Otherwise you are fingerprinted as a spoofer. ;)
Maybe I am wrong here, so don't kill me for my comment. ;)
from user.js.
Hi, Pants! So user.js updates are now basically real time, I like that :)
IMHO the current 2627 prefs work surprisingly well to spoof OS and FF version. They produce plausible results when you don't make big changes. I wouldn't remove them, the included comments are sufficient. The TCP/IP OS Fingerprinting method used by BrowserLeaks to reveal the actual Windows NT kernel version might have nothing to do with Firefox?
I know spoofing your browser (instead of just the browser version) and resolution won't really work.
from user.js.
With all the things we already do (dom.*, disabled ciphers, etc.) worrying about spoofing your OS is really not worth the effort IMHO. with 1600 downloads we are in a pretty small group anyway.
From all the 2627 stuff I only use general.buildID.override
but now that I think about, I don't even need that. Those things are maybe useful if you compile your own FF on linux but my buildID on Windows is the same for everyone with the same FF version.
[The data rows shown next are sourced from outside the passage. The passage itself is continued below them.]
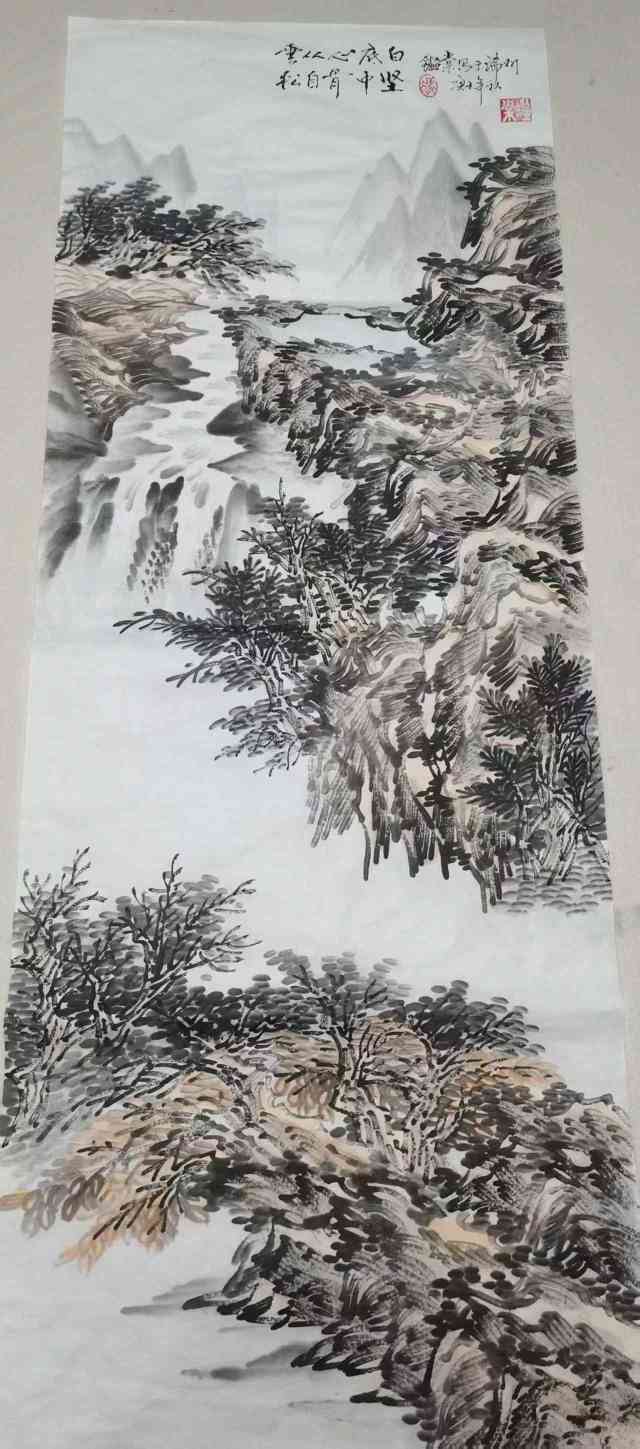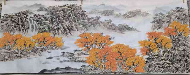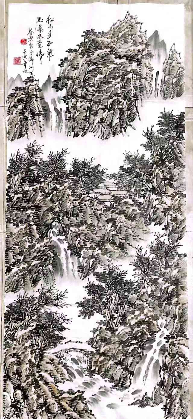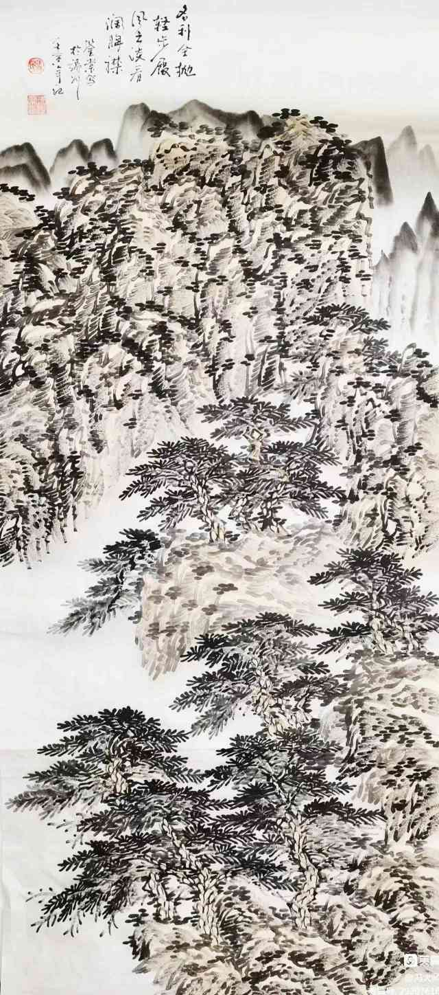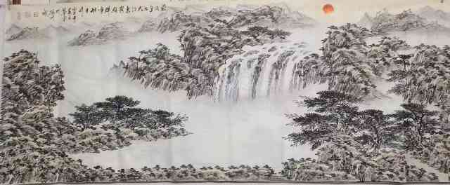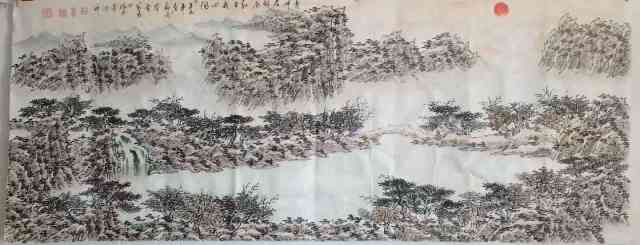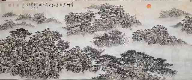 在构图方面,冯鉴棠打破了传统山水画的“三远法”局限,尝试将西方绘画的透视与构图融入其中。他常以俯视或仰视的视角表现山体,通过夸张的线条与色彩对比,强化画面的动感与张力。例如,在描绘肇庆鼎湖山时,他以倾斜的构图表现山势的险峻,以跳跃的墨点表现飞瀑的灵动,使作品既有古典的雅致,又不失现代的活力。
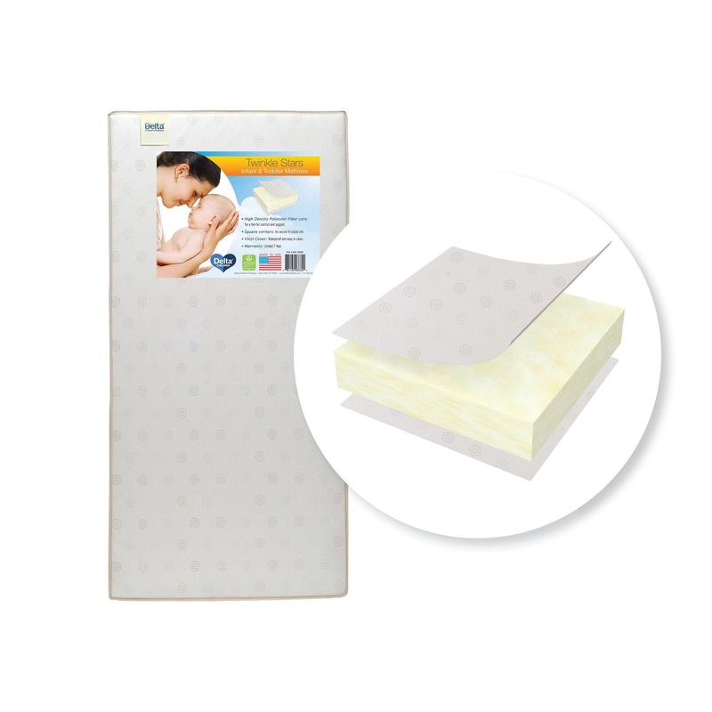 Delta Childrens Twinkle Stars Crib & Toddler Mattress offers your baby or toddler support and comfort at a great price. Built with a firm polyester fiber core, this sturdy mattress is has a durable waterproof cover for easy cleanup. Finished with square co
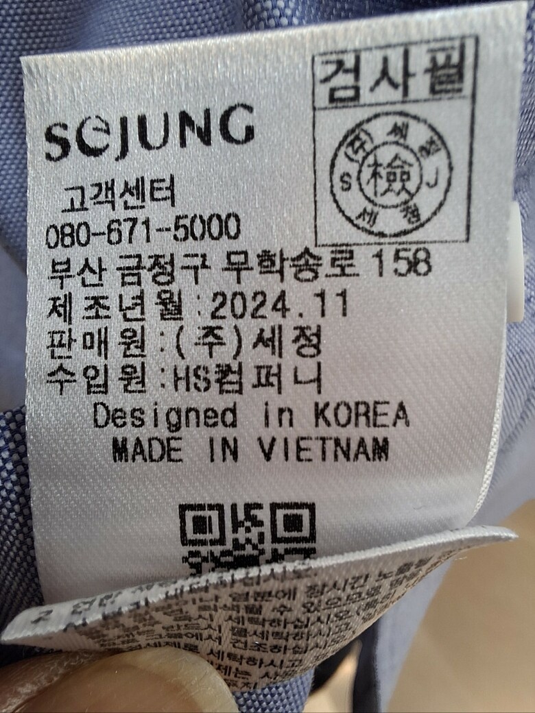 | 1. 제품 소재 (섬유의 조성 또는 혼용률을 백분율로 표시, 기능성인 경우 성적서 또는 허가서) | 면 100% |
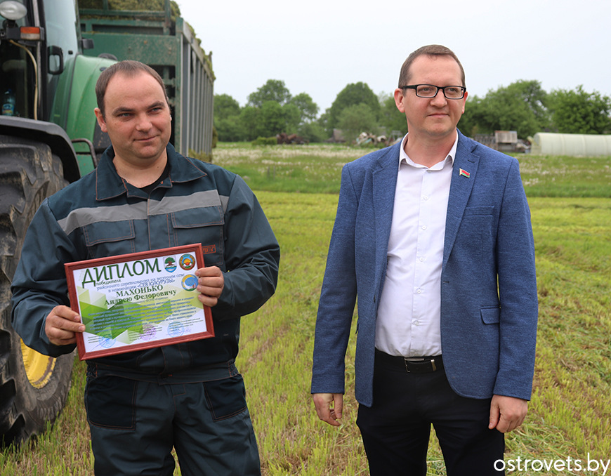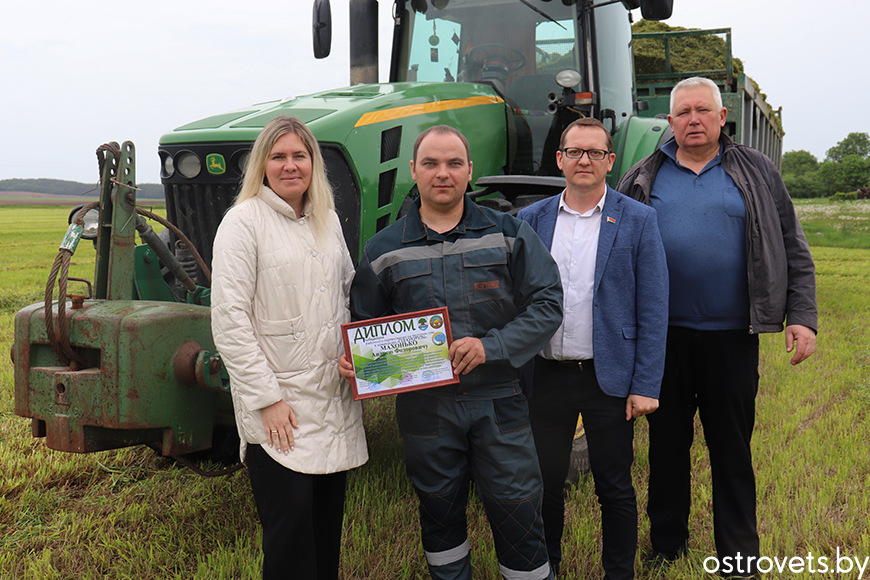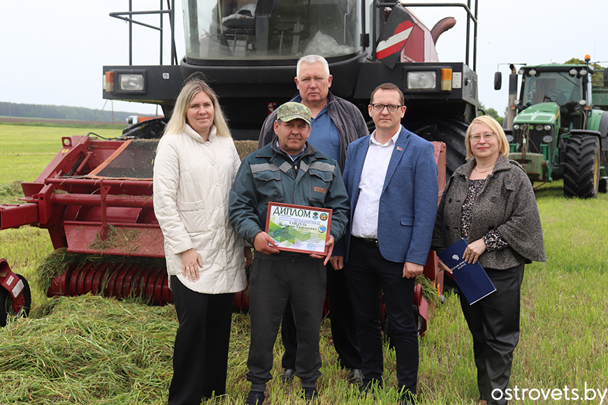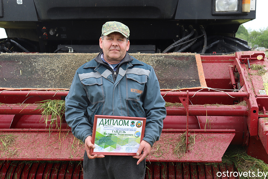 Заўважыўшы гасцей, Валянцін Гайдуль на некалькі хвілін спыніў кормаўборачны камбайн, каб атрымаць заслужаныя ўзнагароды – дыплом і грашовую прэмію.
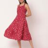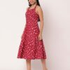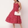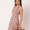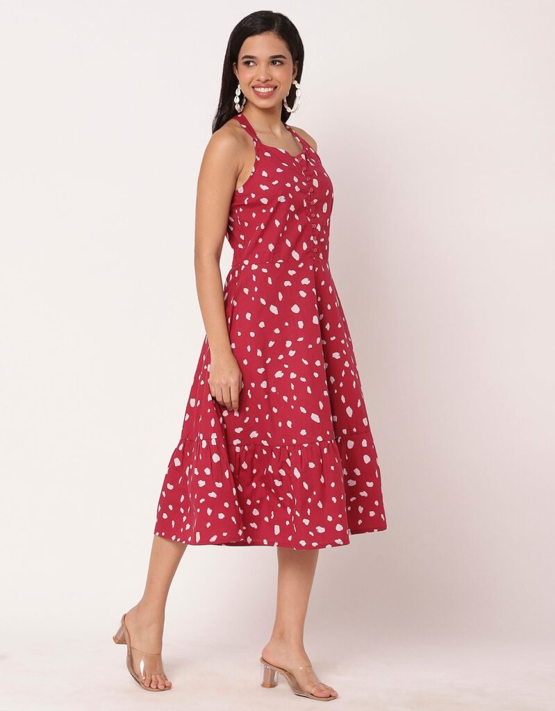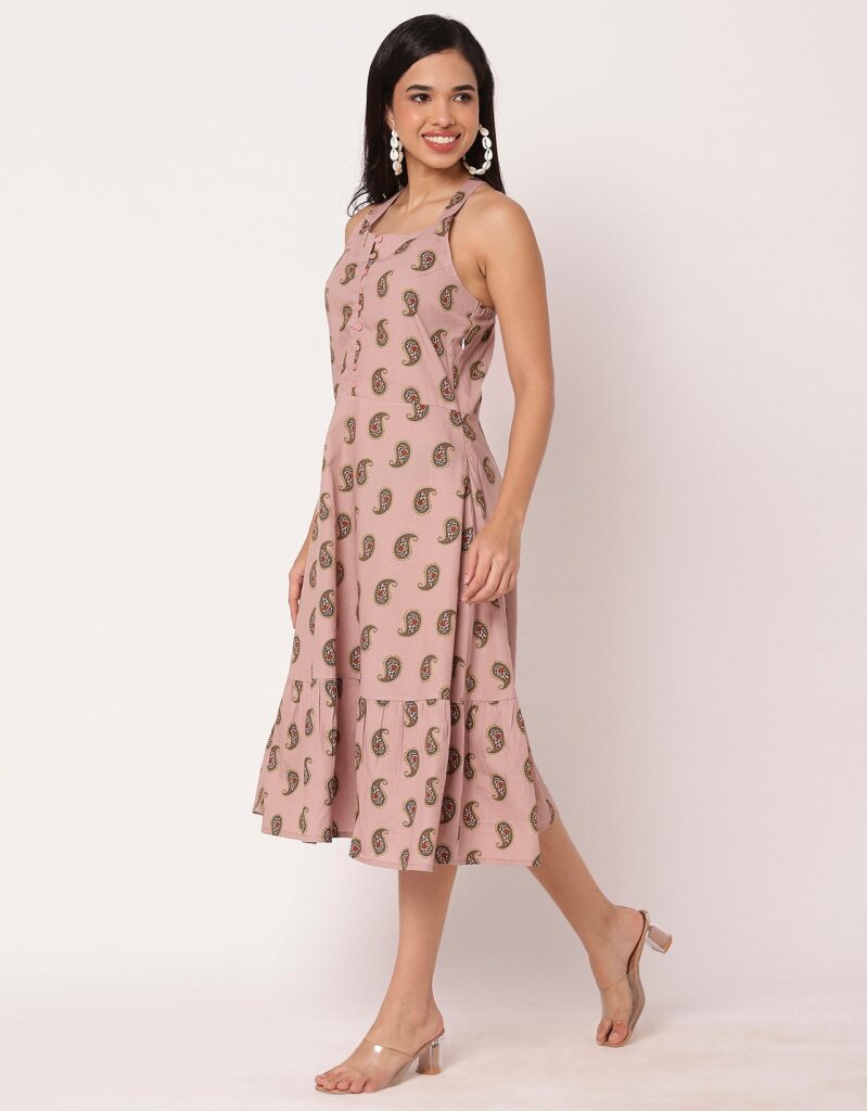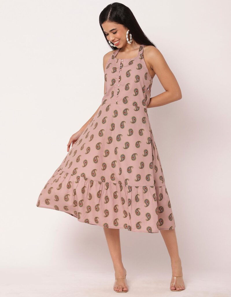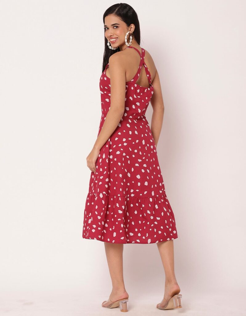 Features: Criss-cross back, sleeveless, tiered hem, knee length, lightweight and all over printed pattern
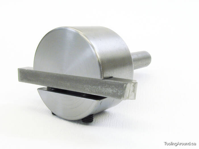 The slot is cut so as to place one side of the slot on the axis of rotation. By placing the “cutting side” of the cutter against this side of the slot, the cutter is correctly positioned relative to the axis of rotation.
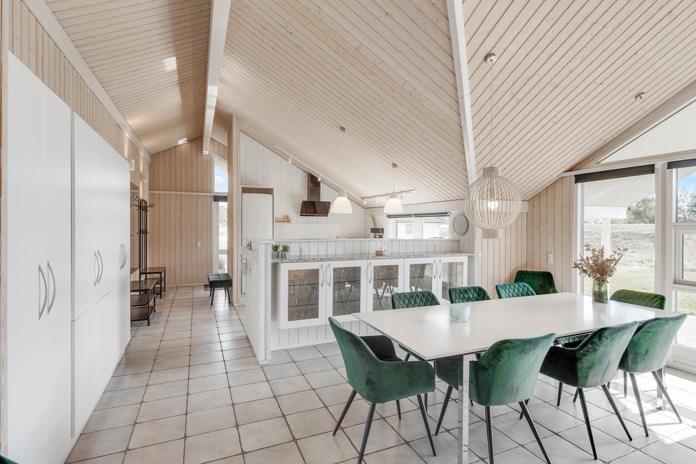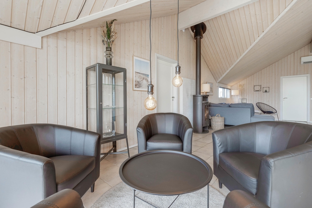 Hjertet i feriehuset er det store alrum, hvor køkken, spiseplads og stue er forenet. Her er der rig mulighed for, at I kan nyde hinandens selskab. Brændeovnen sætter prikken over i?et for feriestemningen med sin knitren og varme.
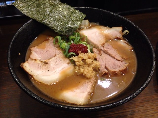 厚めのチャーシューとネギ、辛味噌、のり、生姜おろしが入って、かなり美味い!濃厚なスープだが、最後まで飽きるなく飲み干せます。
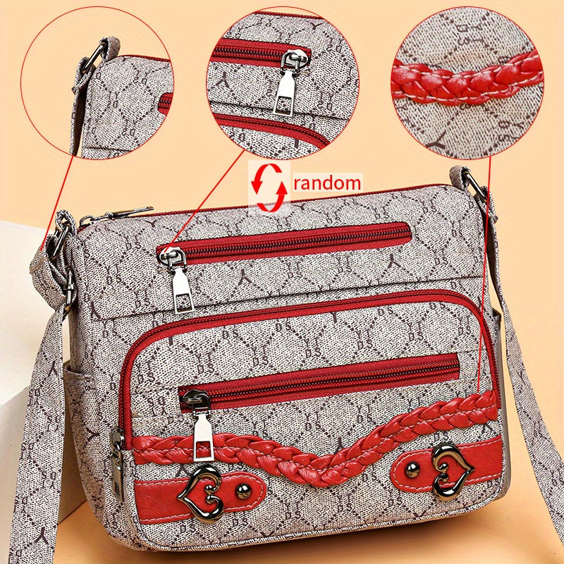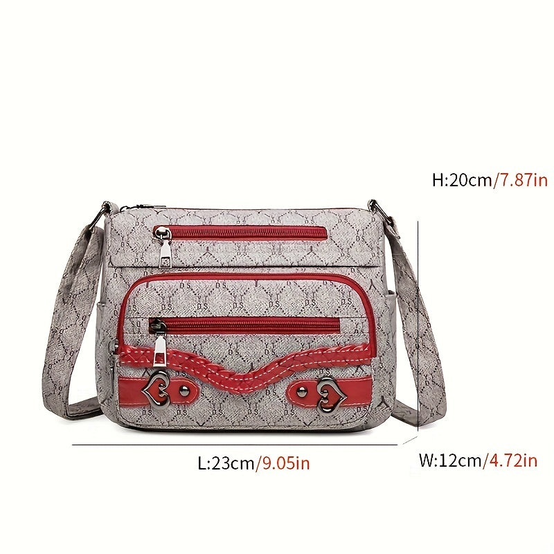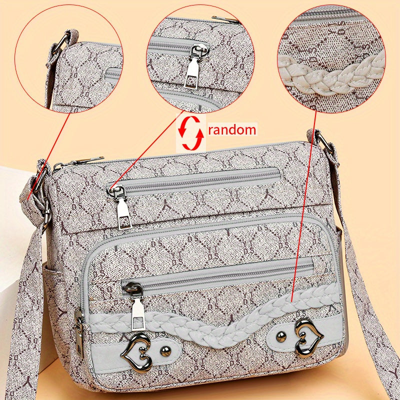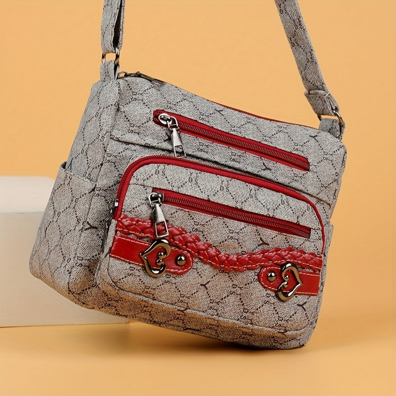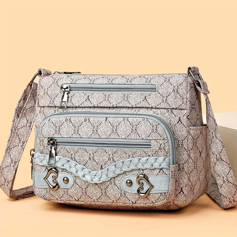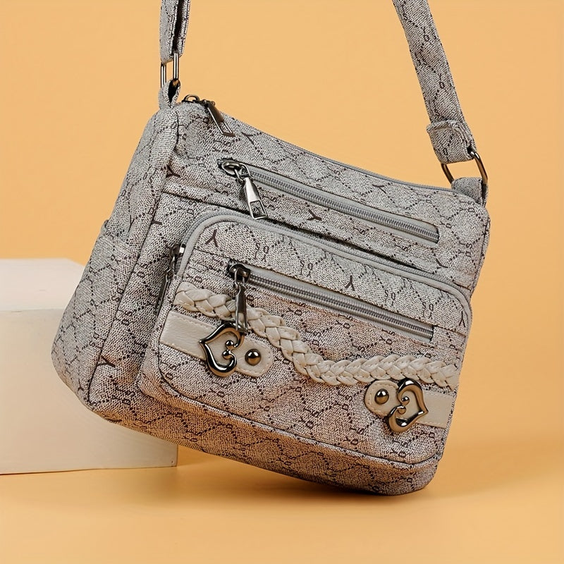 solvbao Rhombus Pattern Crossbody Bag, Heart Decor Shoulder Bag, Women's Nylon Multi Pockets Purse
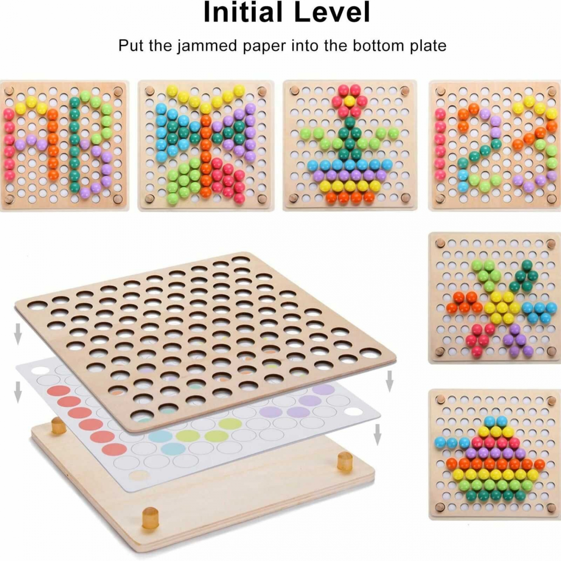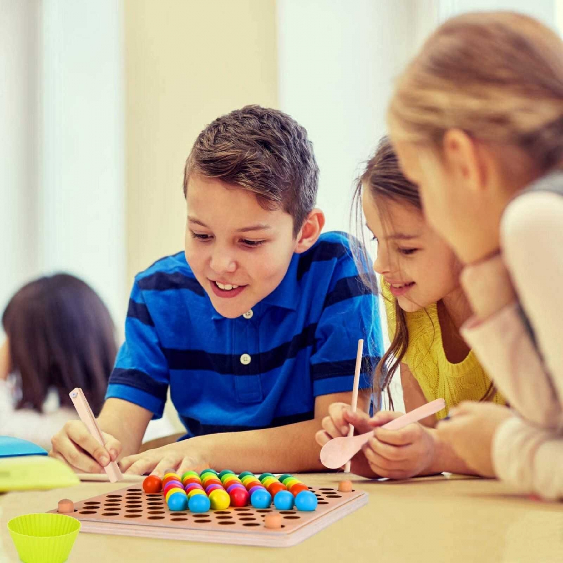 Joc de tip Montessori, ce dezvolta indemanarea, asocierea si rabdarea copiilor cu bile colorate si boluri din silicon. Dezvolta motrocitatea si dexteritatea mainilor cu un superb joc de potrivire, asociere si sortare culori! In loc sa foloseasca degetele pentru prinderea si asezarea pieselor, copiii vor trebui sa foloseasca un cleste sau chopsticks (2 betisoare din lemn folosie ca tacam pentru mancarea chinezeasca) - copiii pot exersa mai multe tipuri de prindere. Mod de utilizare : - copilul poate aseza bilele pe placa ajutandu-se de cele 5 sabloane incluse (trebuie sa respecte ceea ce este desenat pe ele) sau in mod liber, dupa cum doreste; - dupa ce s-a obisnuit cu modalitatea de joc, se creste gradul de dificultate, utilizand clestele , betisoarele din lemn sau lingurita pentru a aseza bilele pe placa din lemn cu gaurele; - bilutele din lemn se vor sorta in cele 7 boluri din silicon , fiecare bol trebuie sa contina 11 bile de aceeasi culoare , in total 77 bilute 7 culori 7 boluri . Aceasta etapa ajuta la dezvoltarea abilitatilor de a sorta si a asocia culorile; Jocul e mai dificil decat pare si va dezvolta atentia, indemanarea dar si vederea in spatiu a copiilor. Recomandat si in cadrul terapiilor de tip recuperare a motricitatii de baza a mainilor si bratelor sau pentru persoanele cu deficiente de miscare. Perfect pentru clinici sau cabinete de kinetoterapie, dar si pentru camine pentru seniori varstnici. Jocul de indemanare si asociere culori este format din : - 1 buc baza lemn formata din 2 table care se imbina; - 7 cupe boluri din silicon pentru a pune bilutele colorate in ele. Fiecare bol din silicon este asociat unei culori; - 77 bile colorate, cate 11 bile per culoare, culori asociate cu cele 7 boluri; - 1 buc chopsticks - doua betisoare din lemn; - 1 buc cleste din lemn; - 1 buc lingura din lemn; Dimensiune tabla de joc : 23 cm x 23 cm; Set care face parte din seria de produse , žPedagogia Frobel, , sistem care are ca baza utilizarea in dezvoltarea timpurie a copilului exclusiv produse din lemn de calitate inalta, culori calde si proprietati tactile naturale. Avertismente! Jucaria produsul poate contine piese mici care se pot inghiti sau inhala existand pericolul de sufocare sau nu este potrivita copiilor mai mici de 3 ani. Nu lasati ambalajele jucariilor produselor la indemana copiilor. Indepartati orice ambalaj al jucariei produsului inainte de a da jucaria produsul copilului. Va rugam sa supravegheati copilul in timp ce se joaca foloseste acest produs. Pastrati instructiunile si etichetele pentru referinte viitoare. Pastrati jucaria produsul departe de foc, feriti jucaria produsul de temperaturi ridicate si umiditate . Imaginile au caracter informativ. Nuanta, tonul si intensitatea culorii pot varia in functie de monitor.

And I don't spoof my UA anymore either, so yeah, I'm resetting it and comment it out in my user.js
from user.js.
Googlebot 2.1 User Agent String:
Mozilla/5.0 (compatible; Googlebot/2.1; +http://www.google.com/bot.html)
from user.js.
Great. You guys did a tremendous job in a very short time.
All I can say is in two words: THANK YOU
:)
Cheers
from user.js.
Tools like Nmap and P0f look at the TCP/IP stack parameters of the system.
explanation
general.oscpu.override does little or nothing against tools that read system values stored in windows registry or linux config files.
from user.js.
User Agent spoofing without JS works fine.
from user.js.
I spoof the latest FF on previous versions.
from user.js.
Spoof to FF version that has biggest market share.
That would normally be the latest standard. If you are using ESR or nightly, then spoofing makes sense if we assume that fingerprinting isn't beyond that.
https://techblog.willshouse.com/2012/01/03/most-common-user-agents/
from user.js.
Good choice. That's unclear territory, must be investigated.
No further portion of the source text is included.